You probably never heard someone say the
three words, “Lysergic Acid Diethylamide.” They are better known as LSD, which
is a potent hallucinogenic drug. It was widely used by people of all ages
during the decades of the 1960s and 1970s.
Those who used that drug became so stoned,
it was no surprise when a regular user suggested that to make the world a
better place, someone ought to fill a fleet of water-bomber airplanes with LSD
and spray the whole country from the air so that everybody gets high and become
a peace-loving dude.
Well, my friend, suppose that a mad
scientist invented such a drug with the added feature that its effect does not
wane with time. Once used, it keeps the user into a permanent psychedelic
trance, and not just in a state of peaceful bliss. The scientist made it so
that those who inhale the drug become wedded to the last message they heard
before inhaling.
Having perfected the drug, the scientist
then does two things. He authors a message and disguises it as a commercial. He
has it distributed as a flier to all the households in the town where he was
born and grew up. He has the message printed in the local newspaper, and
broadcast on the local radio station. He also rents a water-bomber, and uses it
to spray the town from one end to the other. The result is that everyone
becomes permanently wedded to his message.
And what the message says, in essence, is
that all those living in this ethnically diverse town should think of
themselves, not as being originally from Asia or Africa or Europe or Latin
America or whatever, but as descendants of a tribe that was chosen by God to
inherit the Earth and all that's in it. For this reason, the whole country,
indeed, “the world has certain moral responsibilities and obligations towards
us. First and foremost ought to be the simple elemental recognition and respect
–– the radical admission that we do exist”.
Far-fetched, you say? Well, let me ask you
this: Did you think for a moment that the assertion made above and placed
between quotation marks, was an invention of mine? Or did you think that
someone uttered these words to make the point that was analogized by the story
of the mad scientist? Whatever you may think, the truth is that a Jew actually
authored these words and stuck them at the end of an article he wrote under the
title: “Why Anti-Zionism is Worse Than Antisemitism,” written by Benjamin
Kerstein and published on October 23, 2019 in Algemeiner.
Kerstein's point is that all Jews are one
and the same people whether they are White, Black, Yellow, Brown or red
skinned. They are one and the same people whether they just converted to
Judaism, or they are children of the first generation converts to Judaism, or
the second generation or the tenth or even before that.
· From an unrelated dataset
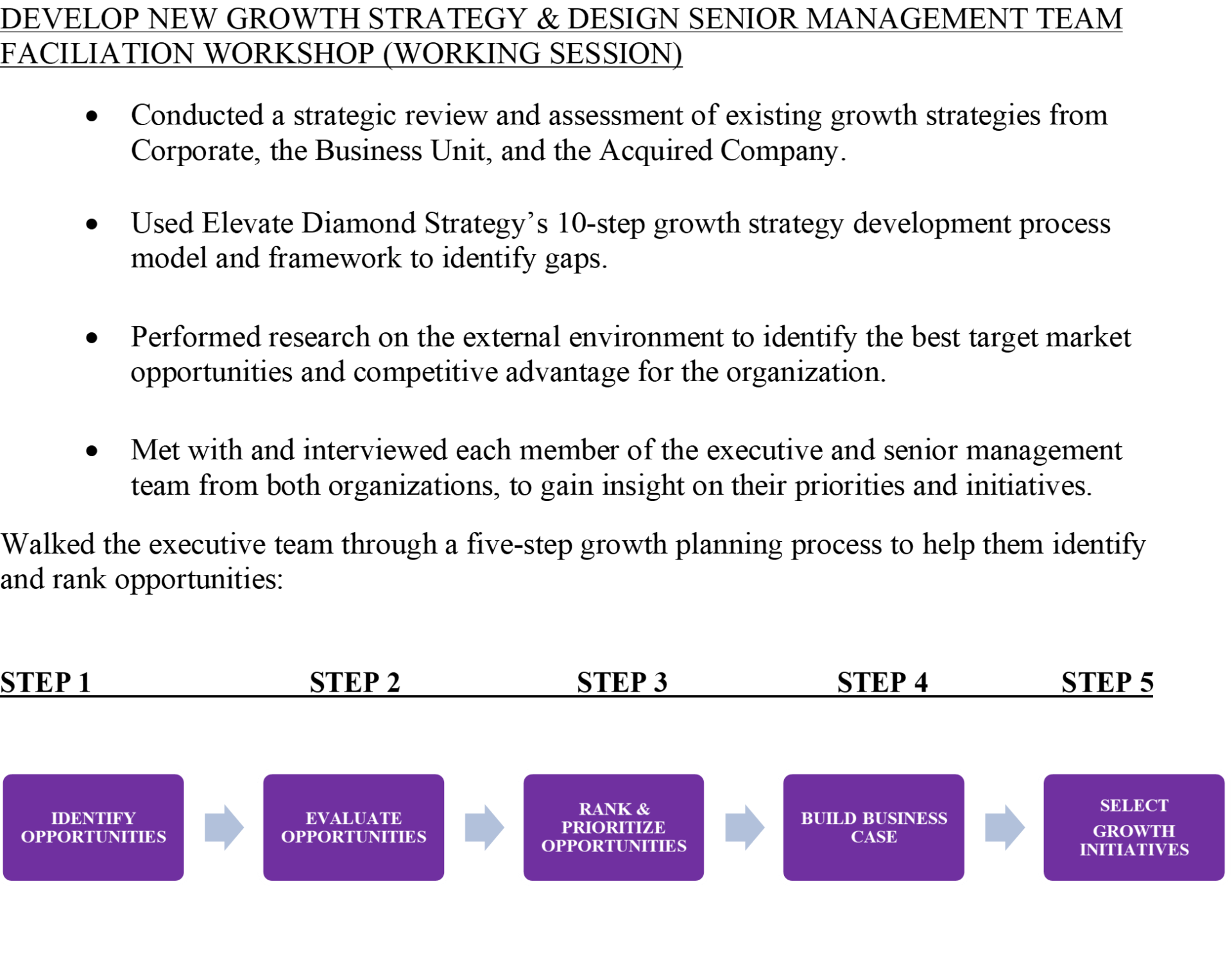 CASE STUDY #11 - SENIOR MANAGEMENT TEAM FACILIATION-STRATEGIC GROWTH INITIATIVES-STRATEGY EXECUTION (MIDDLE MARKET COMPANY)

They are one and the
same people, says Kerstein, if they are half Jews, or a quarter Jews or a
smaller fraction than that. In fact, they are Jews if they have as little as
one drop of Jewish blood in them … or not even that much, as long as they feel
like Jews.
But what is it that prompted this guy,
Benjamin Kerstein, to go into the trouble of arguing that a mixture is not a
mixture but a homogeneous mass that happens to have different colors, different
vibrations, different scents, different flavors, different customs and so on
... and so on ... and so on? The answer is that by the power of his twisted
logic, Kerstein has determined that if it can be argued that a mishmash of Jews
represents one and the same thing, all the Jews, wherever they happen to live,
will have the right to do what no one else is allowed to do.
That is, it has been resolved in the
twisted mind of Kerstein, that whereas all the Greeks in the world could not go
to Greece, push away the people that never left the place, and take it for
themselves, the Jews from anywhere in the world have the right to go to
Palestine, push away the people that never left the place, and take it for
themselves. In fact, the rule that applies to the Greeks but not the Jews,
applies to everyone else on the planet, be they White, Black, Yellow, Brown or
red skinned.
To make his point, Kerstein contrived an
argument that –– if composed by a non-Jew –– would have sent its author to a
mental institution. But because the argument was composed by a Jew, it was
considered worthy of printing in a publication that is supported by taxpayer
money. Here is the argument that Kerstein made:
“The Jews are not a people is a remarkable
statement because it is quite unprecedented. Throughout the long history of
philo- and antisemitism, non-Jews never claimed that the Jews were not a
people. Christianity and Islam always acknowledged that they constituted a
nation. An official of the French revolutionaries once said, 'For the Jews as a
people, nothing; for the Jew as a citizen, everything,' something that could
not have been said if the Jews had not been a people”.